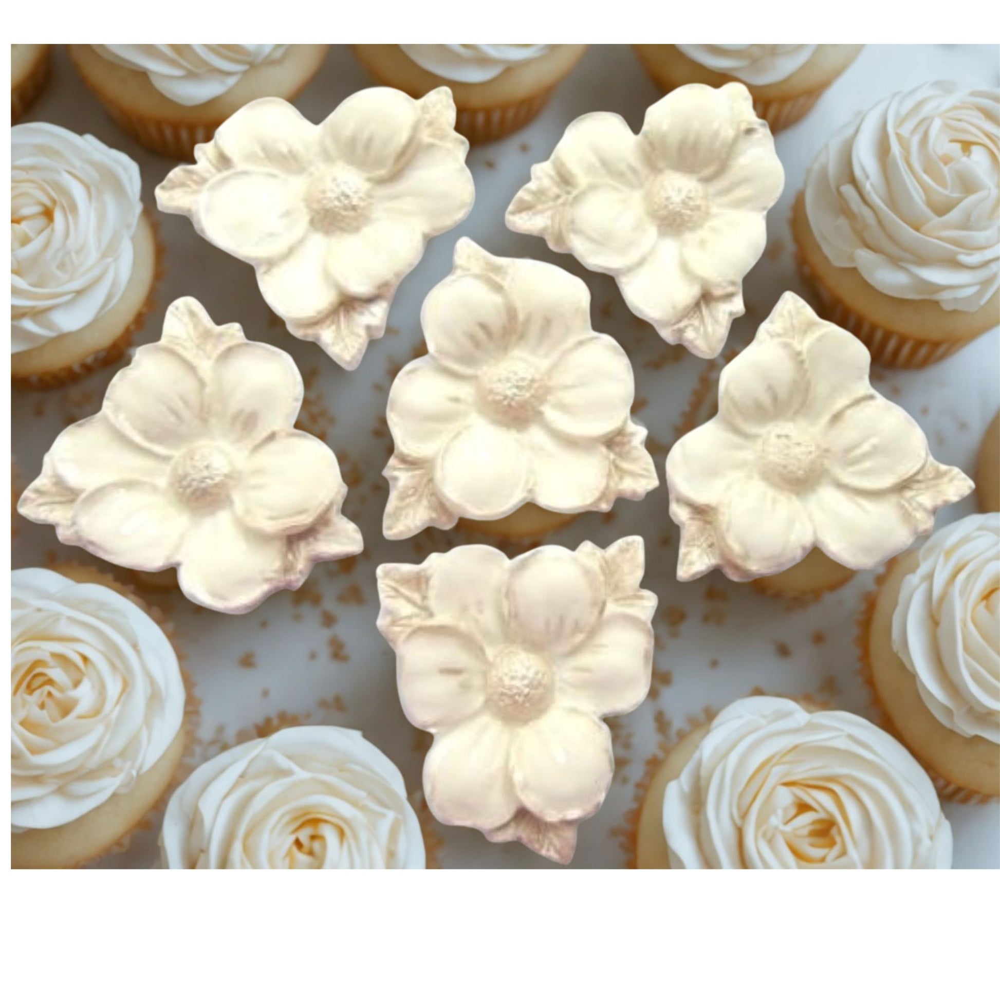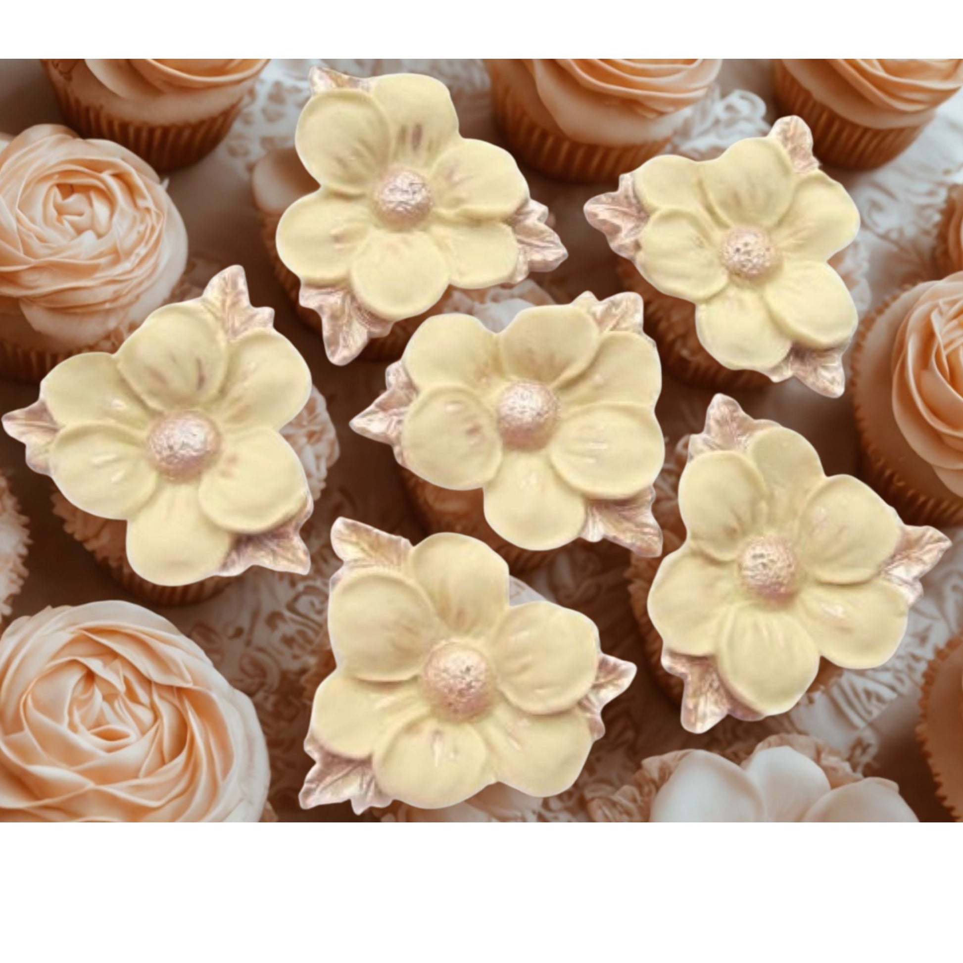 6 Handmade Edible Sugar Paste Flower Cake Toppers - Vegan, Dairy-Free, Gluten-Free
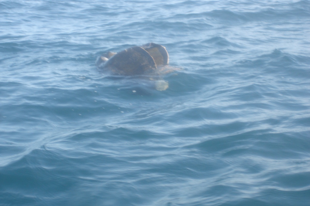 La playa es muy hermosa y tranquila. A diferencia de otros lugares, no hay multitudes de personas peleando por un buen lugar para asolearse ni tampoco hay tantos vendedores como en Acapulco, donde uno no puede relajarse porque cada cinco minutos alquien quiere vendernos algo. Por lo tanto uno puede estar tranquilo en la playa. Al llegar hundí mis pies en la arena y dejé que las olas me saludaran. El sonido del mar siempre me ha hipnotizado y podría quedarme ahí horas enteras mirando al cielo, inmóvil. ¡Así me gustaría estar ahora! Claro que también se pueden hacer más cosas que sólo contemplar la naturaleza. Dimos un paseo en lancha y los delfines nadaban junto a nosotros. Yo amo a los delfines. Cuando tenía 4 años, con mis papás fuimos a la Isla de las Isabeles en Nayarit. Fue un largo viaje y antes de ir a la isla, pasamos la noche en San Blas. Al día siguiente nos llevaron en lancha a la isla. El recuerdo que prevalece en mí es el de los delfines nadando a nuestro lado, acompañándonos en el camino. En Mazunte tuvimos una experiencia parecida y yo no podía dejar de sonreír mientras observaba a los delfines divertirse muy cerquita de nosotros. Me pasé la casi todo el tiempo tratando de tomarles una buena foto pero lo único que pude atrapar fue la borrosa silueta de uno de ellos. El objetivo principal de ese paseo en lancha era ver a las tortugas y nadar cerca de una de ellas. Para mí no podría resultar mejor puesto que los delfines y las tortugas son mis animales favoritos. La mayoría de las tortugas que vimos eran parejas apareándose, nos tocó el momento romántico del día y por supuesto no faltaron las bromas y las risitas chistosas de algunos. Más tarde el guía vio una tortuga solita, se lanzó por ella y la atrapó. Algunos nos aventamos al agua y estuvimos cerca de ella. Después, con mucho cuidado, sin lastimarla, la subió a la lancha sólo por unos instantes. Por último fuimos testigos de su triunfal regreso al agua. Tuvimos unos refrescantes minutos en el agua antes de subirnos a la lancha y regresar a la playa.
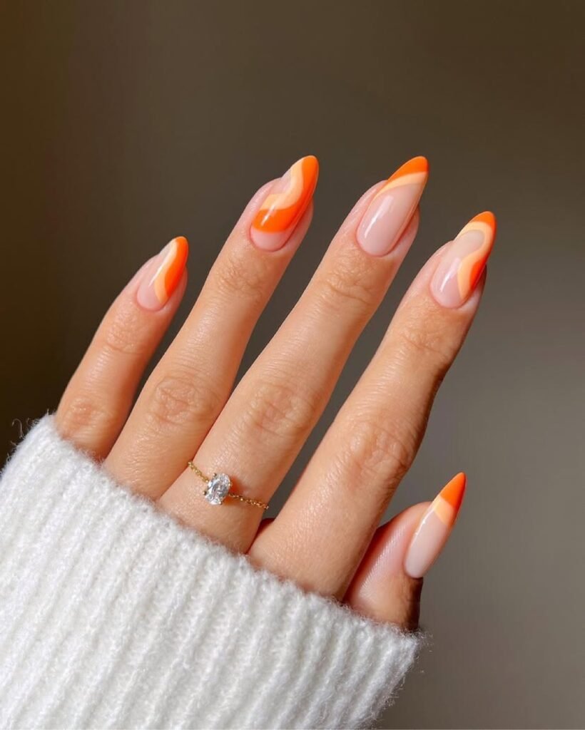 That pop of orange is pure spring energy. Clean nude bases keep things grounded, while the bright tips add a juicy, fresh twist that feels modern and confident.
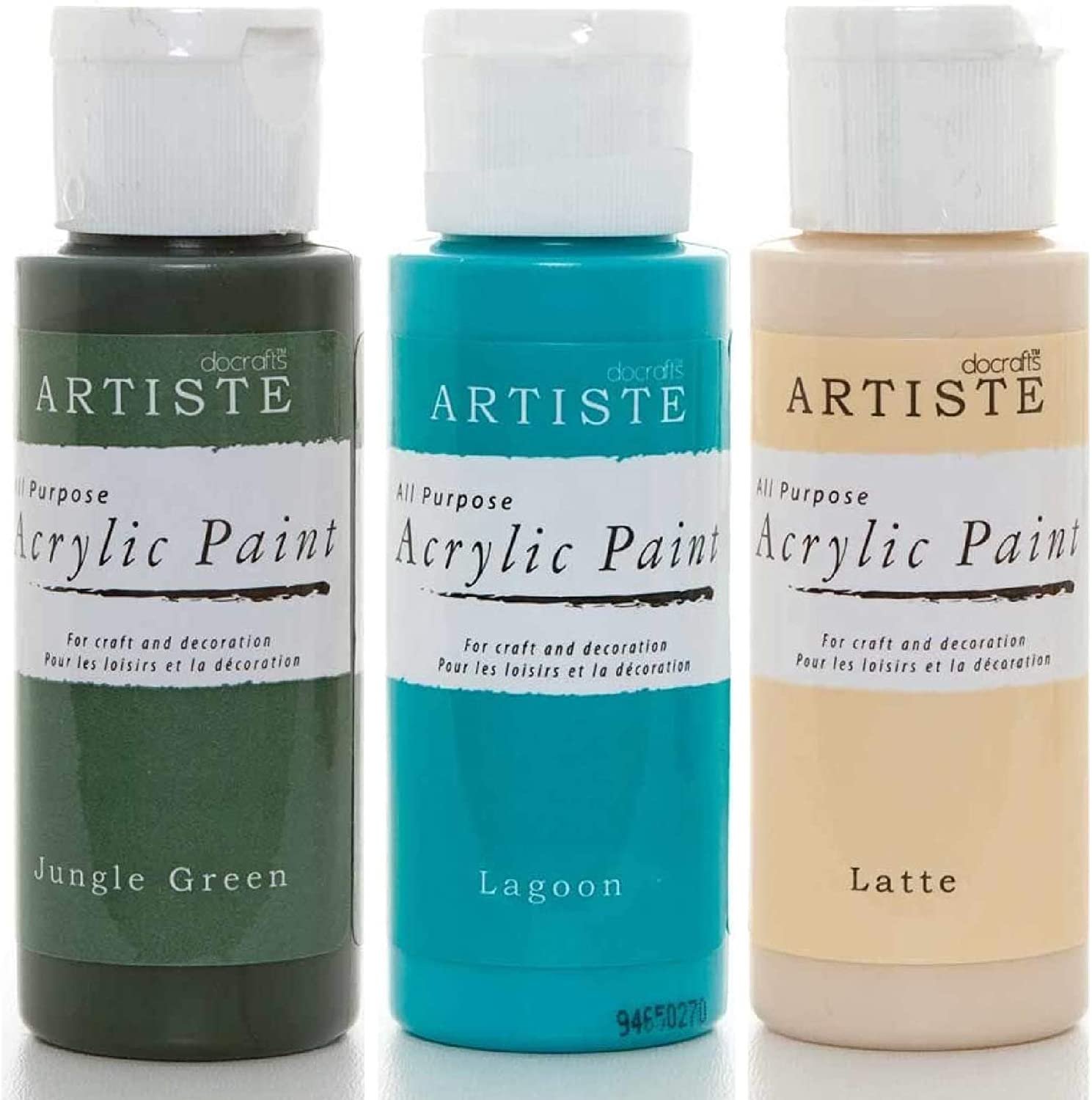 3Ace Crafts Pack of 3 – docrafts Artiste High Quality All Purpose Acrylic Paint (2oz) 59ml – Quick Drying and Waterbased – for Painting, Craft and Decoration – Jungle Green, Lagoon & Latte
· · · · ·
• **WHAT IS NEEDED**: Everything in the material above must be repeated exactly, apart from its pictures.

• **FINISHED EXERCISE**:
 6 Handmade Edible Sugar Paste Flower Cake Toppers - Vegan, Dairy-Free, Gluten-Free
 La playa es muy hermosa y tranquila. A diferencia de otros lugares, no hay multitudes de personas peleando por un buen lugar para asolearse ni tampoco hay tantos vendedores como en Acapulco, donde uno no puede relajarse porque cada cinco minutos alquien quiere vendernos algo. Por lo tanto uno puede estar tranquilo en la playa. Al llegar hundí mis pies en la arena y dejé que las olas me saludaran. El sonido del mar siempre me ha hipnotizado y podría quedarme ahí horas enteras mirando al cielo, inmóvil. ¡Así me gustaría estar ahora! Claro que también se pueden hacer más cosas que sólo contemplar la naturaleza. Dimos un paseo en lancha y los delfines nadaban junto a nosotros. Yo amo a los delfines. Cuando tenía 4 años, con mis papás fuimos a la Isla de las Isabeles en Nayarit. Fue un largo viaje y antes de ir a la isla, pasamos la noche en San Blas. Al día siguiente nos llevaron en lancha a la isla. El recuerdo que prevalece en mí es el de los delfines nadando a nuestro lado, acompañándonos en el camino. En Mazunte tuvimos una experiencia parecida y yo no podía dejar de sonreír mientras observaba a los delfines divertirse muy cerquita de nosotros. Me pasé la casi todo el tiempo tratando de tomarles una buena foto pero lo único que pude atrapar fue la borrosa silueta de uno de ellos. El objetivo principal de ese paseo en lancha era ver a las tortugas y nadar cerca de una de ellas. Para mí no podría resultar mejor puesto que los delfines y las tortugas son mis animales favoritos. La mayoría de las tortugas que vimos eran parejas apareándose, nos tocó el momento romántico del día y por supuesto no faltaron las bromas y las risitas chistosas de algunos. Más tarde el guía vio una tortuga solita, se lanzó por ella y la atrapó. Algunos nos aventamos al agua y estuvimos cerca de ella. Después, con mucho cuidado, sin lastimarla, la subió a la lancha sólo por unos instantes. Por último fuimos testigos de su triunfal regreso al agua. Tuvimos unos refrescantes minutos en el agua antes de subirnos a la lancha y regresar a la playa.
 That pop of orange is pure spring energy. Clean nude bases keep things grounded, while the bright tips add a juicy, fresh twist that feels modern and confident.
 3Ace Crafts Pack of 3 – docrafts Artiste High Quality All Purpose Acrylic Paint (2oz) 59ml – Quick Drying and Waterbased – for Painting, Craft and Decoration – Jungle Green, Lagoon & Latte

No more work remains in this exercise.